The meaning of mutations
Apart from addressing the urgent need for diagnostics and drugs and triggering vaccine development on the frontlines, bioinformatics also plays a crucial role in helping us understand how the virus is mutating. First of all, I would like to stress that mutations are normal, particularly for RNA viruses like SARS-CoV-2 which naturally make mistakes when replicating, making imperfect copies of themselves. But just because the virus is mutating does not necessarily mean that it is more dangerous.
Secondly, most mutations are small and are either bad for the virus or have no impact at all. To give you an analogy, if the entire virus genome is like a car, the mutated form of the virus would be the same car in the same color with only a tiny difference such as a single letter difference in the license plate. Just as this change in the license plate doesn’t affect the performance of the car or make it more fuel-efficient, these mutations do not mean that the virus has become more or less virulent.

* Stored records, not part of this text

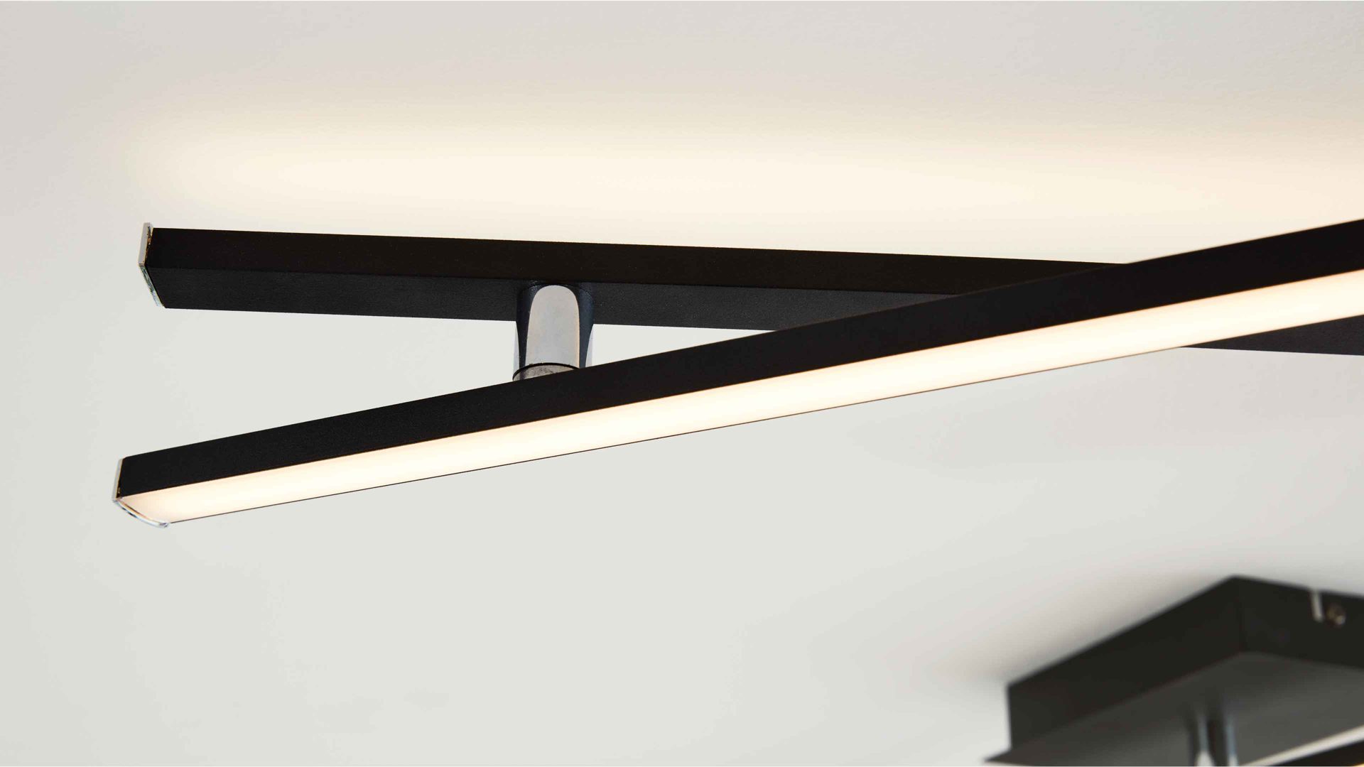 Die außergewöhnliche Deckenleuchte aus der Interliving Leuchten Serie 9339 überzeugt mit ihrem abstrakten Design und der gelungenen Materialkombination aus mattschwarzem Metall, glänzendem Chrom und weißem Acrylglas. Die markante Formensprache verleiht ihr einen modernen, eleganten Charakter und macht sie zu einem echten Blickfang in deinem Zuhause. Mit Maßen von ca. 345 x 7 x 58 cm (LxHxT) eignet sie sich ideal für Wohn-, Schlaf- oder Arbeitsbereiche und bringt stilvolle Helligkeit in jeden Raum.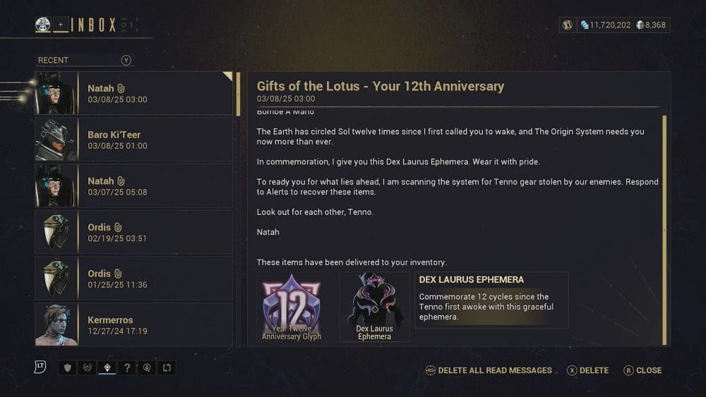 First up, all you need to do is sign in between now and Dec 31st, 2025 to receive the Dex Laurus Ephemera and 12th Anniversary Glyph for free.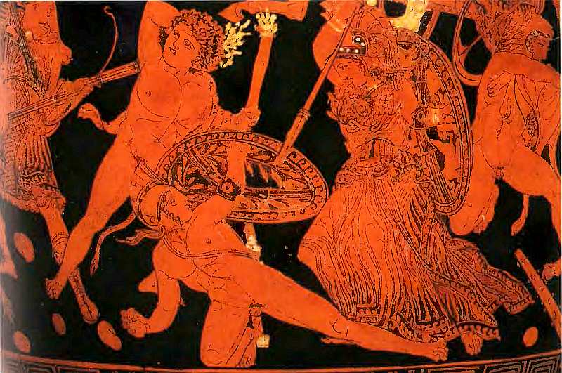 Едва олимпийским богам удается справиться с предшественниками, начинается новая битва, на этот раз против гигантов. Рожденные из крови оскопленного Урана, косматые исполины, ниже пояса напоминавшие драконов, появляются из-под земли. Чтобы добраться до Олимпа, они нагромождают окрестные горы друг на друга. Но с помощью Геракла боги одерживают победу.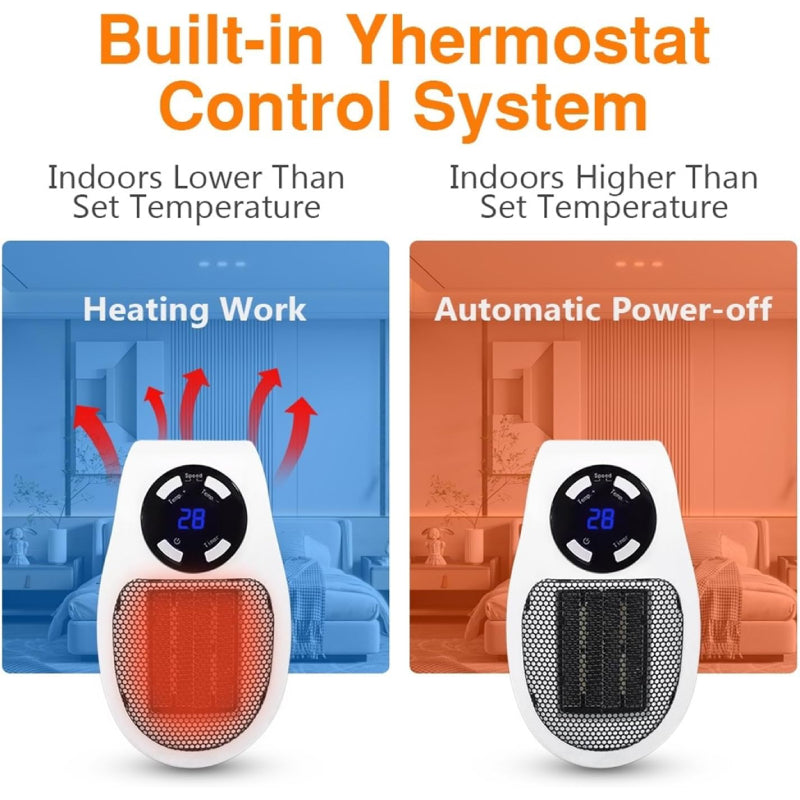 Disfruta de un ambiente cálido y acogedor en segundos con este calefactor portátil de bajo consumo. Su diseño compacto se enchufa directamente a la pared, ofreciendo calor eficiente sin ocupar espacio.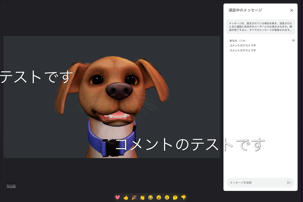 某動画サイトのように、Google Meetで入力したコメントが流れる仕組みを自作しようと考えていましたが、拡張機能を発見し、導入しました。
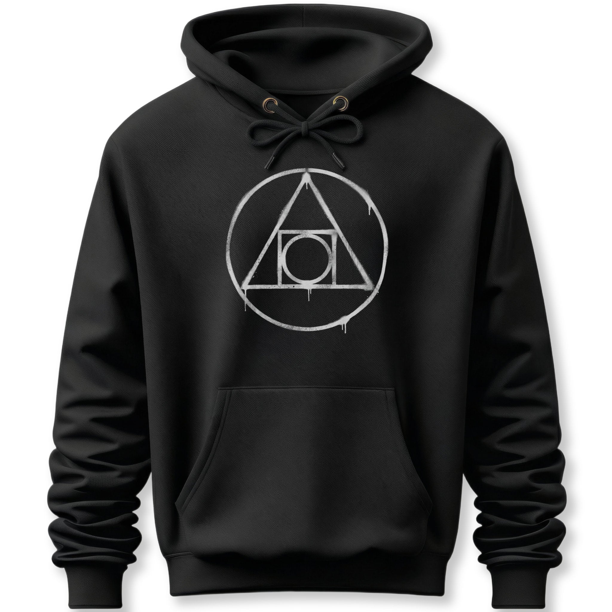 This hoodie features a striking white geometric design, combining a foundational circle encompassing an upward-pointing triangle, which in turn frames a square and an innermost circle. The graphic is rendered with a unique, slightly distressed and subtly dripping texture, giving it an ancient, almost ethereal quality. This powerful emblem is widely recognized as the symbol for the Philosopher's Stone in alchemy. It represents the ultimate quest for knowledge, transformation, and enlightenment, signifying the union of the material and spiritual worlds, and the pursuit of perfection. The raw, almost spiritual texture of the design adds depth, making it a conversation starter for those drawn to ancient wisdom, esoteric studies, or personal evolution. It's a bold and meaningful statement piece for any wardrobe.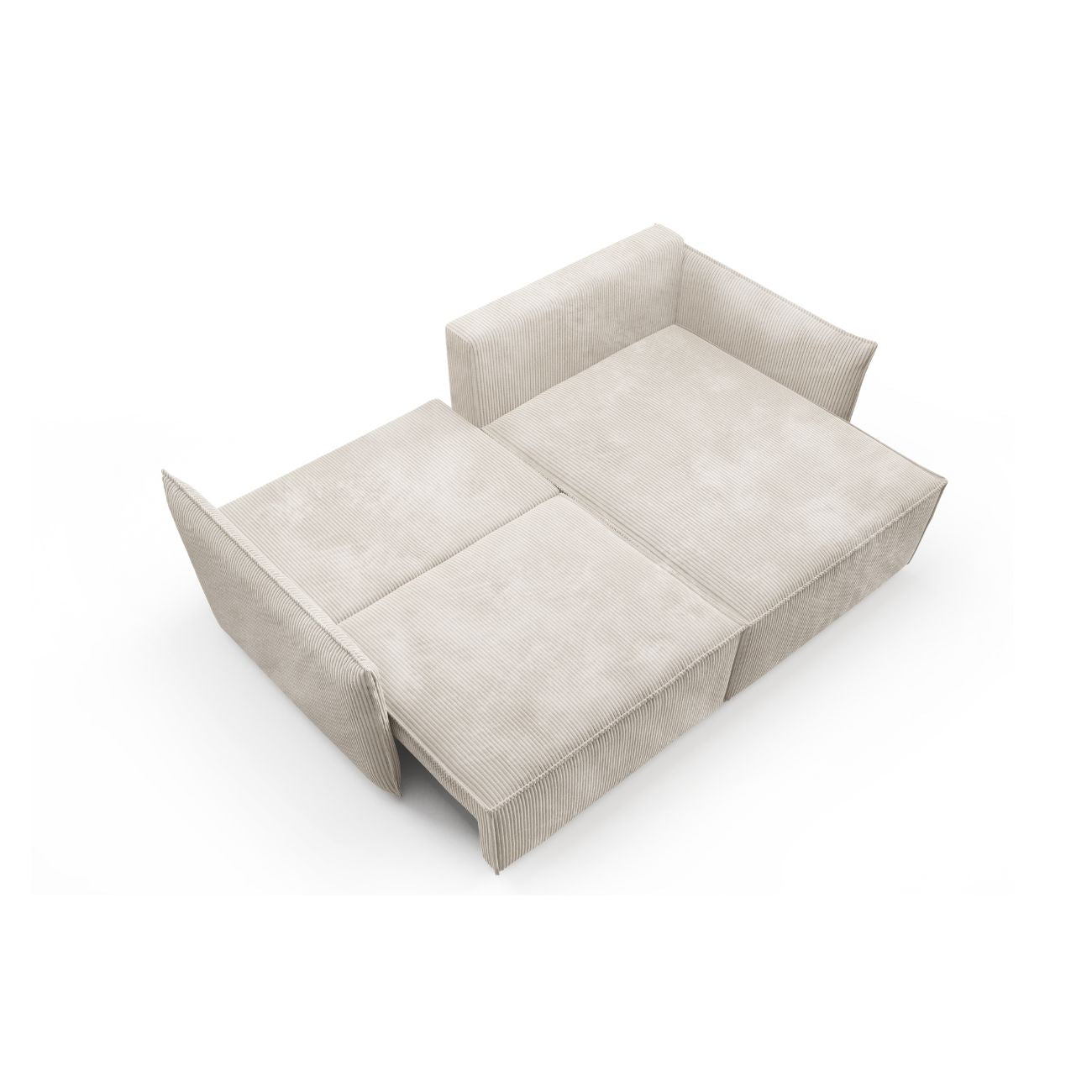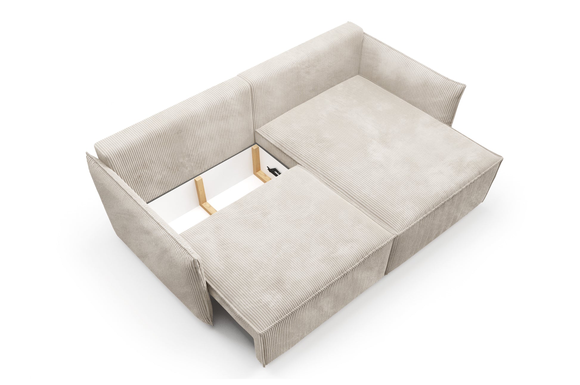 Sztruksowy narożnik posiada funkcję spania o powierzchni 135x204 cm. Dla Twojej wygodny narożnik został wyposażony w sprężyny faliste na całej powierzchni spania, a także automat ułatwiający rozłożenie rogówki oraz dostęp do pojemnika na pościel.

However, this “changed license plate” can tell us where the car came from and when it was registered. Similarly, mutations can give us a sense of how the different viral “cars” are related to each other, a piece of information that we can then use in contact tracing.
On very rare occasions, it is possible that there are mutations that do actually change the performance and fitness of the virus and it often requires multiple steps. For example, one such set of mutations in the evolution of SARS-CoV-2 is thought to have given it the ability to jump from animals like bats or pangolins into human hosts.
With real-time genomic surveillance enabled by platforms such as GISAID in combination with modern tools of bioinformatics, we can quickly detect these rare changes when they occur and judge if they affect diagnostics, treatments or increase virulence. For example, the virus that caused the outbreak in Europe had evolved to be slightly different from the original strain, such that it was not so well detected by the RT-PCR kit initially developed by colleagues in China based on the first outbreak genomes. As soon as we saw that change, we notified our colleagues and, armed with that information, they were able to quickly change their protocols and subsequently were able to fully detect the new European strains as well.